Translate only the documents relevant to your application, not the whole file; ask whether a certified extract is acceptable for your purpose; and send clean, full-resolution scans so nothing has to be re-quoted. Never, though, cut pages from within a document that genuinely needs translating.
There are legitimate ways to bring the cost of a long legal file down, and one trap to avoid.
The biggest lever is selection between documents. As above, you rarely need the entire bundle — so decide which documents your application actually relies on and translate those. Blank pages, duplicate copies and purely procedural notices can usually be left out of the count entirely.
The second lever is the certified extract. For some purposes a court or caseworker will accept a certified translation of the relevant part of a long document rather than the whole thing — the operative section of a judgment, say, rather than two hundred pages of annexes.
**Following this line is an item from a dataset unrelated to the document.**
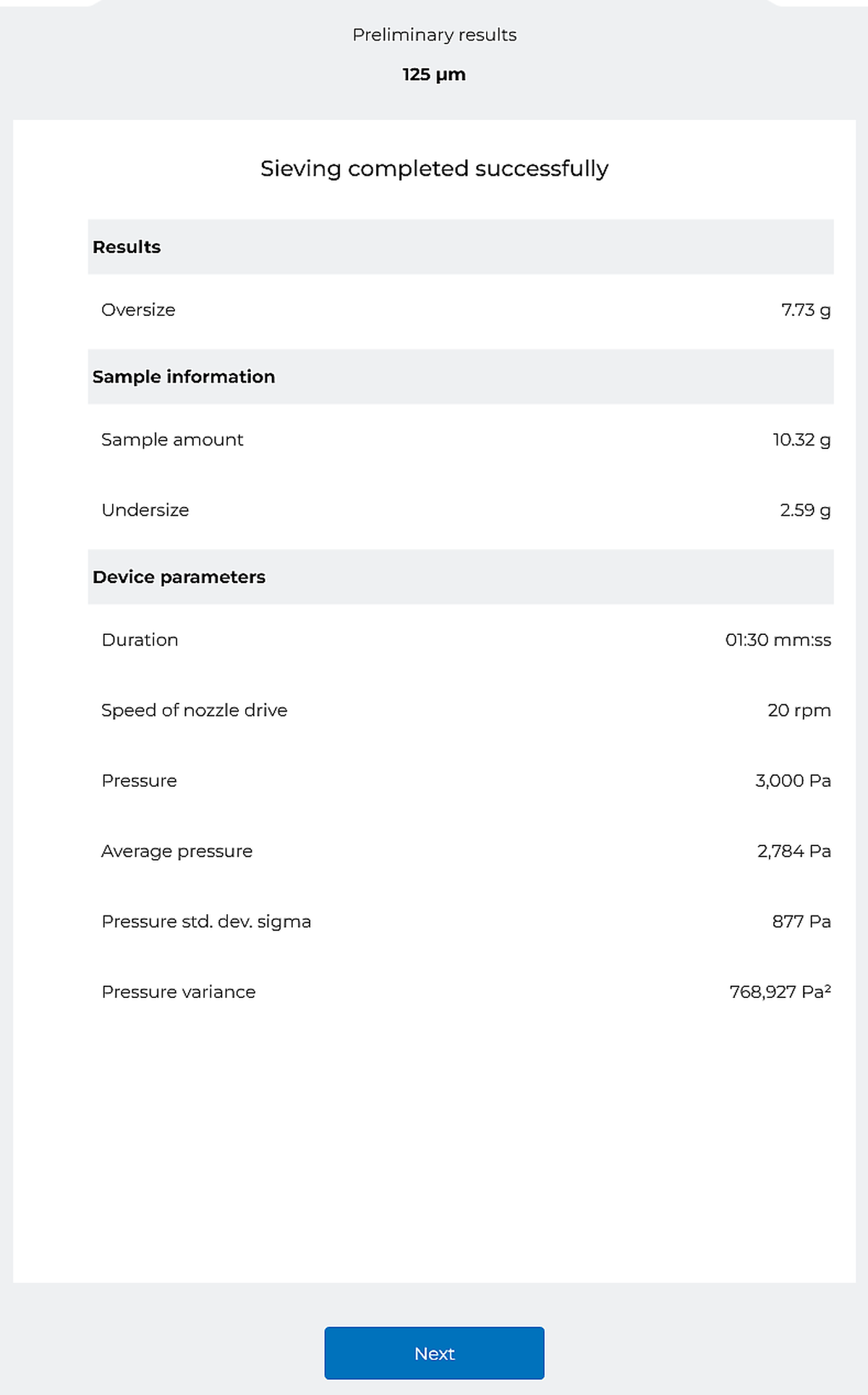 | Parameter setting per test sieve | Yes |

Whether this is acceptable depends entirely on who is receiving it, so confirm it with the receiving body before you order, not after.
Here's the trap: selecting between documents is fine, but cherry-picking within a document that genuinely needs translating is not. If a document is relevant, it has to be translated in full — every page, every clause, every stamp. Partial translation of a document that should have been rendered completely is one of the most common reasons UKVI rejects translations, and a rejection costs far more in delay than you ever saved.
Finally, help your translator quote accurately the first time: send clear, full-resolution scans of the original. Blurry photos make stamps and endorsements ambiguous, which leads to re-quotes and back-and-forth — exactly the friction you're trying to avoid on a big job.